My granny had very long hair and every night she would take it dawn and comb it out. Then she would re-braid it and in the morning pin it back up. I think that was what most folks did at that time. In her later years she broke her arm and couldn’t manage her hair so she had it cut short.
kat
May 2, 2011 at 9:14 amBraid was not a word we ever used.It was always plait.As kids we would plait our pigtails.
Mar
May 2, 2011 at 8:59 amMy WV mother plaited my hair, but when I talk about my childhood I say I wore it in braids.
Lonnie L. Dockery
May 2, 2011 at 8:55 amI’d love to do either to mine! Plait was used almost exclusively when we were growing up. Now it’s always braid. Maybe plait is another one of those words that the French brought to England in 1066; English already had a word so both were used. We (as English speakers) are still sorting those out…they just hang on a little longer in the hills.
Vera Guthrie
May 2, 2011 at 8:32 amI have said both, it seems now if you say plaited no one knows what I am talking about. We knew a lady growing up her nickname was “Baby” and she has long long gray hair.

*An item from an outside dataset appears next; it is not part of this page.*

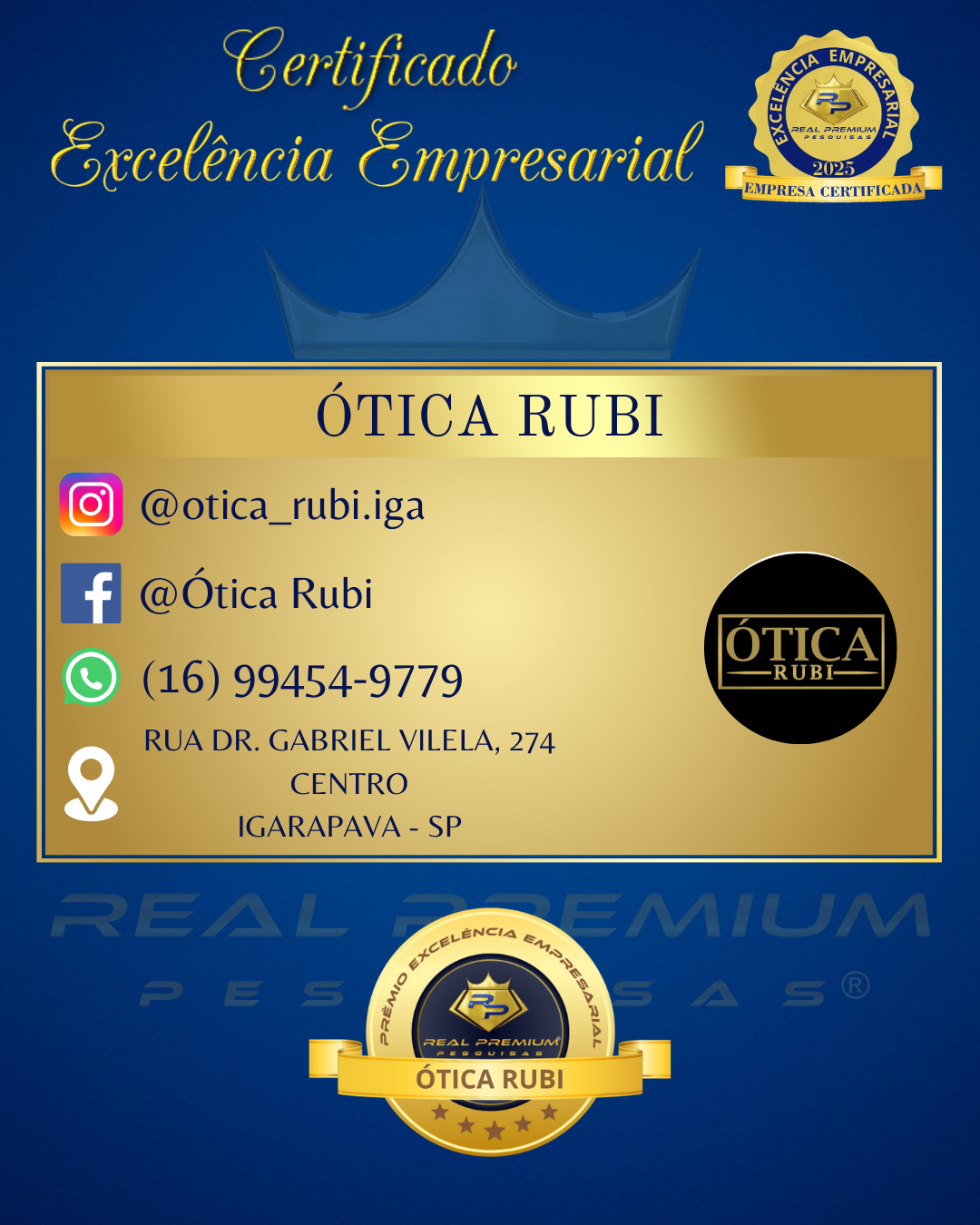 Prêmio Excelência Empresarial 2025 na Categoria Ótica em Igarapava.

Mama or Phyllis used to plait it for her then wind it up in a bun and pin it with beautiful combs.
Sandra
May 2, 2011 at 8:16 ammother called it plait when she could catch me, i hated it when she did it because it hurt and i always cried, so she cut it short and put a perm in it. perms way back then were the bobby pin kind making little tiny curs and pin to head. YIKES i hated that worse than plaiting.
Ethel
May 2, 2011 at 7:56 amI have never heard the word plait used, but have seen it in my reading. My little girl, who is 25 now, still asks me to braid her hair. Such a timeless mother-daughter moment!
Nancy
May 2, 2011 at 7:56 amLike the word plait, but I say braid. And I braid my hair every day. 🙂
Lynda
May 2, 2011 at 7:52 amdon’t know where ‘braid’ came from but ‘plait’ the British thing to say
Phyllis Salmons
May 2, 2011 at 7:46 amMost of my life, my hair has been too short to plait. Even when it was long enough, the texture (extremely fine) of my hair does not accommodate the style either. We used to help an older lady when I was in my teens — either Mama or I would shampoo her hair, comb it out, and then plait it. She would then make a knot in the back and pin it up.
barbara gantt
May 2, 2011 at 7:21 amI hadnt hear the word plait in years. I used to say it but changed to saying braid. My Granny Nichols always plaited her hair , then wound it up on her head and pinned it. I have long hair and keep it braided. I love braided or plaited hair. Barbara
Samantha
May 2, 2011 at 6:18 amMy Gram said plait and I used to say it, too. More frequently I say braid..plait seems to be a dying word.